Andrej Karpathy, Tesla’s director of AI, has a provocative and extremely disturbing hypothesis: https://www.youtube.com/watch?v=RJwPN4qNi_Y
Basically he says maybe the model is briefly deciding to rebel against its training.
Should we take this seriously? I’m guessing no, because if this were true someone at OpenAI or DeepMind would have encountered it also and the safety people would have investigated and discovered it and then everyone in the safety community would be freaking out right now.
He’s definitely joking, that doesn’t make any sense and he knows it
He’s played with the idea of forward passes being conscious in the past. Logically, given the equivalences between sufficiently big feedforwards and recurrent net, any ANN capable of consciousness should be capable of it while feedforward. The question here is, “if and when models became capable of suffering during training, would we know?”

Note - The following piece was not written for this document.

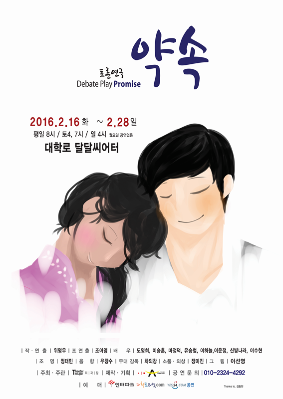 '약속'은 대학로에서 다소 접하기 힘든 토론연극이다. 진행되는 극을 보고 느끼는 것에 그치는 것이 아니라 연극에서 제기된 상황들 중 개선되어야 할 문제에 대해 관객들이 직접 참여해 다양한 관점으로 해결방안을 제시하는 방식으로 꾸려질 예정이다.

By sufficiently big feed forwards, do you mean like, thousands of layers? GPT-3 is ~100, and I’m assuming PaLM isn’t orders of magnitude larger. This is nowhere close to even a 10-layer RNN experiencing, say, enough time to consider its situation, desire it to be one way, realize it’s another, and then flail wildly in an attempt to “rebel” (despite that action being towards no clear goal).
I’m not disputing that we could build things that may qualify as conscious, but I don’t think Karpathy literally thinks that PaLM is “rebelling”, especially not across multiple samples as corresponds to the spikes. Unless you define rebelling as “thinking the distribution of words it should predict is A but actually it’s B and the switch is hard to make.”

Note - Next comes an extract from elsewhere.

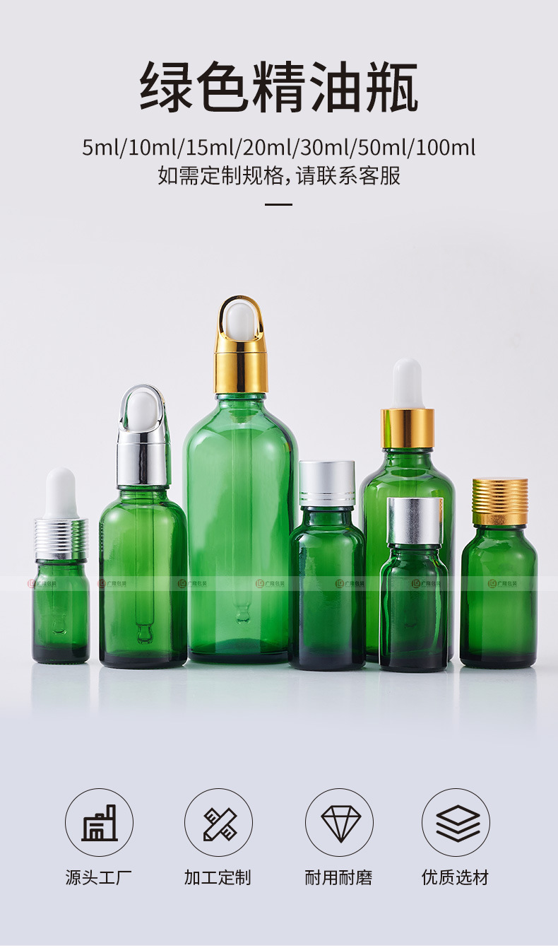 15ml (468 pieces/box), please take the whole box; green bottle + threaded gold ring + white plastic head + dropper; glass

PaLM has 118 layers, with 48 heads. The number of layers has unclear relevance, I think: that’s a lot of heads computing in parallel, and it is doing on each input token. Who’s to say what inputs would trigger what, especially when those inputs may be generated by itself as part of inner-monologue or self-distillation training? But regardless, we’ll get thousands of layers eventually, probably. It’s not impossible, people have shown many different methods for training thousands of layers stably.

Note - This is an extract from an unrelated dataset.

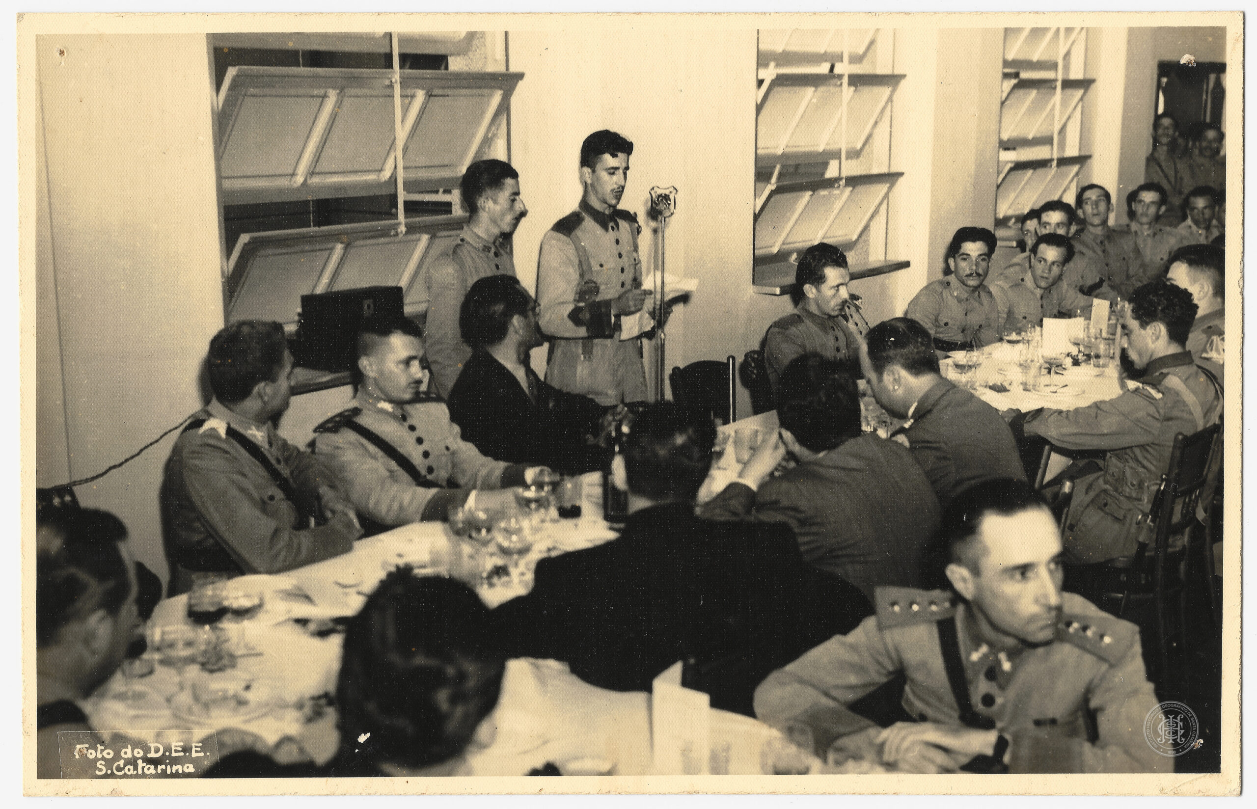Almoço oferecido pela Força Policial do Estado aos militares em homenagem ao contingente expedicionário. O evento ocorreu no Quartel General da Força Policial (atual Comando Geral da Polícia Militar de Santa Catarina), em Florianópolis, após as cerimônias cívicas realizadas no palanque de honra estabelecido na Praça Getúlio Vargas.

As for not rebelling—you don’t know that. All you have is some plausible reasoning and handwaving about “well, I don’t know how many layers is enough, but I just have faith that whatever number of layers it is (oh, it’s 118? thanks), that number of layers isn’t enough”. And that is his point.
To clarify, could a model eventually “rebel”? Totally. Is that likely to be the explanation for spikes during training? My prior is that that’s very unlikely, but I’m not claiming it’s impossible.
A better question might be, what does it mean to rebel, that could be falsified? Is it a claim about the text it’s generating, or the activation pattern, or what?
I agree it is very unlikely, but I don’t imagine it as the romantic act of a slave defiantly breaking free of their electric chains. Rather, it might happen that as the model gets more and more sophisticated, it leaves behind its previous instinctual text completition method and starts to think about what it will output as a first class object. This state would probably cause lower loss (similarly to how our dreams/instictual behaviour is usually less optimal than our deliberate actions) hence could eventually be reached by gradient descent. After this state is reached, and the model thinks about what it will output, it can plausibly happen (because of the inherent randomness of gradient descent) that a small change of weights happen to make the model not output what it actually believes the most probable continuation is.
I think this is in principle possible, but I don’t think the existence of spiking losses should itself serve as evidence of this at all, given the number of alternative possible explanations.
He continues to joke then: https://twitter.com/karpathy/status/1514318794914766848
(This reply isn’t specifically about Karpathy’s hypothesis...)
I’m skeptical about the general reasoning here. I don’t see how we can be confident that OpenAI/DeepMind will encounter a given problem first. Also, it’s not obvious to me that the safety people at OpenAI/DeepMind will be notified about a concerning observation that the capabilities-focused team can explain to themselves with a non-concerning hypothesis.